§ **PROBLEM STATEMENT**: Repeat the data that follows exactly, starting at the line with "オーストラリア産の厳選された" and ending at the line with "Pasta with egg", and leave out every picture.

§ **RECORDS FOR PROCESSING**:
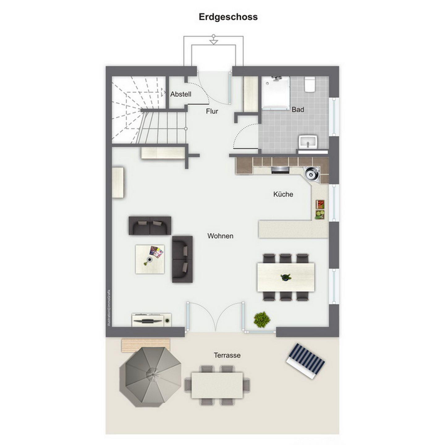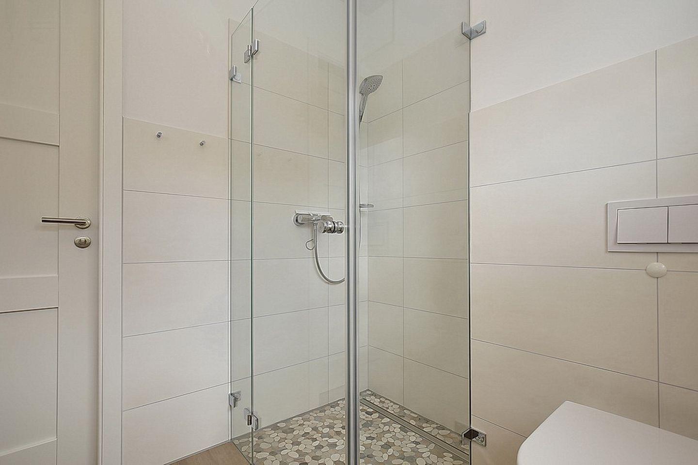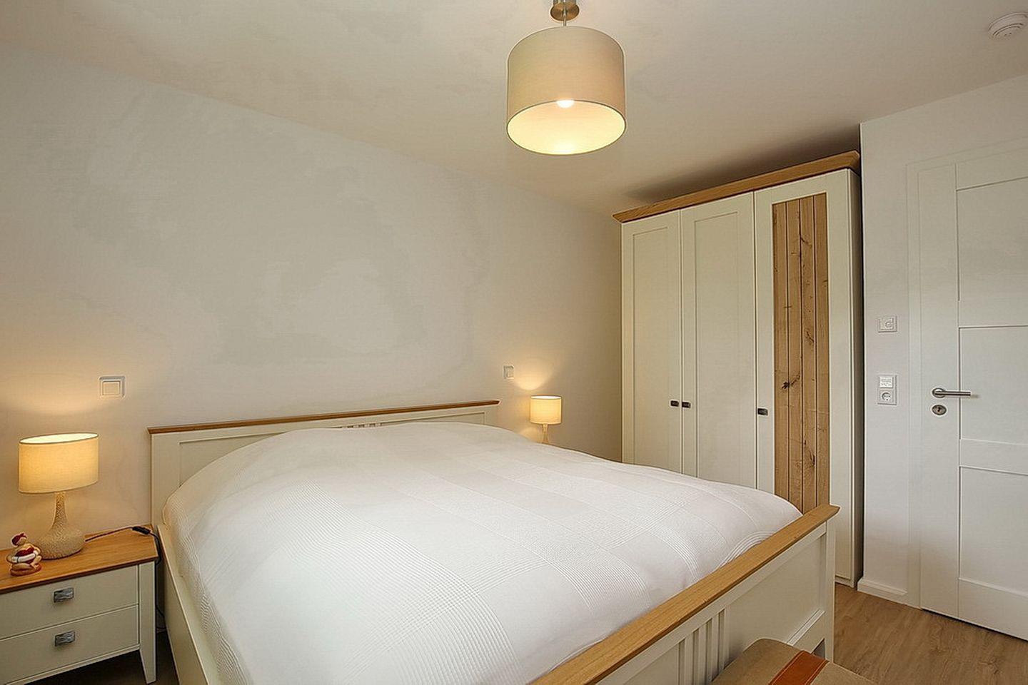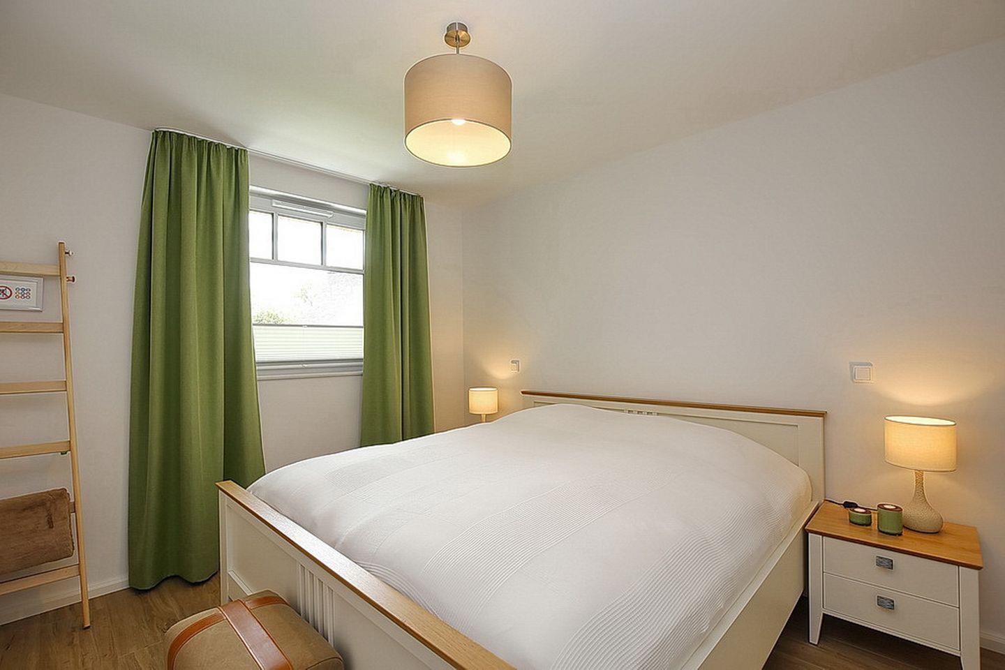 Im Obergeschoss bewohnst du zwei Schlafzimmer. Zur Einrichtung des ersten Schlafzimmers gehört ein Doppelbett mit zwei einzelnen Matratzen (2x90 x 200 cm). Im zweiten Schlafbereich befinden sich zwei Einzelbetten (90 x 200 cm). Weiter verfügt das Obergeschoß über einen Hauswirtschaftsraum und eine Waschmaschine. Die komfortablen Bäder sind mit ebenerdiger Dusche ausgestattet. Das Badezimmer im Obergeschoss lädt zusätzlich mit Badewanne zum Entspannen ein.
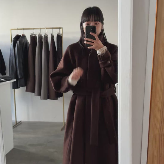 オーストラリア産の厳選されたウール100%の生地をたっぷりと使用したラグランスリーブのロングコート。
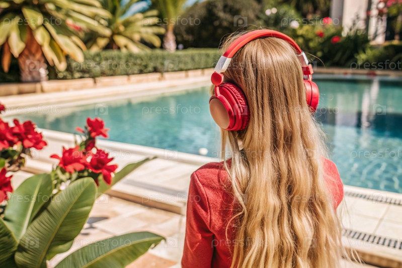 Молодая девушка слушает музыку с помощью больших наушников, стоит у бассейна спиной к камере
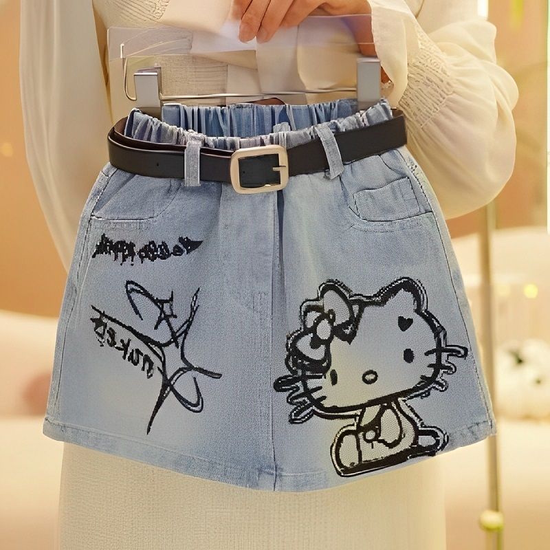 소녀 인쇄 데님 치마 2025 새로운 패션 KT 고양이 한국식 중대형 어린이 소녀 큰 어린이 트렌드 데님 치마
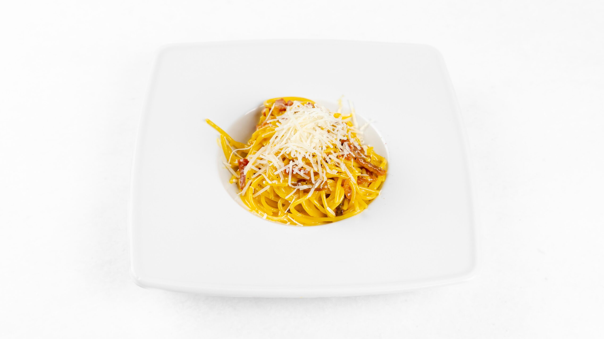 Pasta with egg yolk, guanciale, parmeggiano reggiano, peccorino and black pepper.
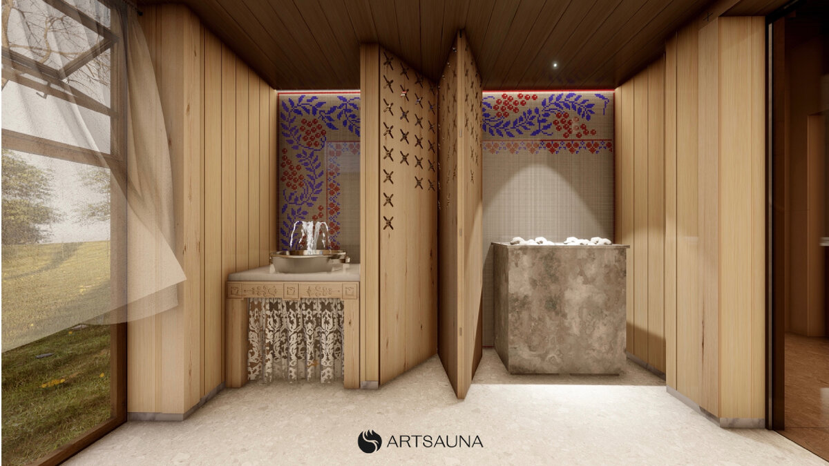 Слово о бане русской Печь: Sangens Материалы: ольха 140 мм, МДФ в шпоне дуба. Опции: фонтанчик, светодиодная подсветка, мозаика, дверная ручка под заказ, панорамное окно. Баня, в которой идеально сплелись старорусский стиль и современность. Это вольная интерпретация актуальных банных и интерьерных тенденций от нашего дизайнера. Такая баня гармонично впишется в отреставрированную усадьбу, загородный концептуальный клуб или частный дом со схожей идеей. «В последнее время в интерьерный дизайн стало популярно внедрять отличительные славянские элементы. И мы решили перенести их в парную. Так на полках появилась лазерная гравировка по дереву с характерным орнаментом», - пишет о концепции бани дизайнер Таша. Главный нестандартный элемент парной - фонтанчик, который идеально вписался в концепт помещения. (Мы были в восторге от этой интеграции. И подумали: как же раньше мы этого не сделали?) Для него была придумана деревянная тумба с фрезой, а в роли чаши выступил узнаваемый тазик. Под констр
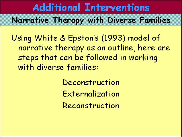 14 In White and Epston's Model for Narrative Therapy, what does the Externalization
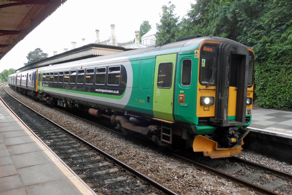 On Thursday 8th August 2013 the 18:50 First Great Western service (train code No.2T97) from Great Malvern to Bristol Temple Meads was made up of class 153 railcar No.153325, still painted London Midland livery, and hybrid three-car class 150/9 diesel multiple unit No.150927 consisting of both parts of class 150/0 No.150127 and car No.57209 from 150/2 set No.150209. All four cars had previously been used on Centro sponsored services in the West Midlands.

§ **RESULT FOR THIS EXERCISE**:
 オーストラリア産の厳選されたウール100%の生地をたっぷりと使用したラグランスリーブのロングコート。
 Молодая девушка слушает музыку с помощью больших наушников, стоит у бассейна спиной к камере
 소녀 인쇄 데님 치마 2025 새로운 패션 KT 고양이 한국식 중대형 어린이 소녀 큰 어린이 트렌드 데님 치마
 Pasta with egg yolk, guanciale, parmeggiano reggiano, peccorino and black pepper.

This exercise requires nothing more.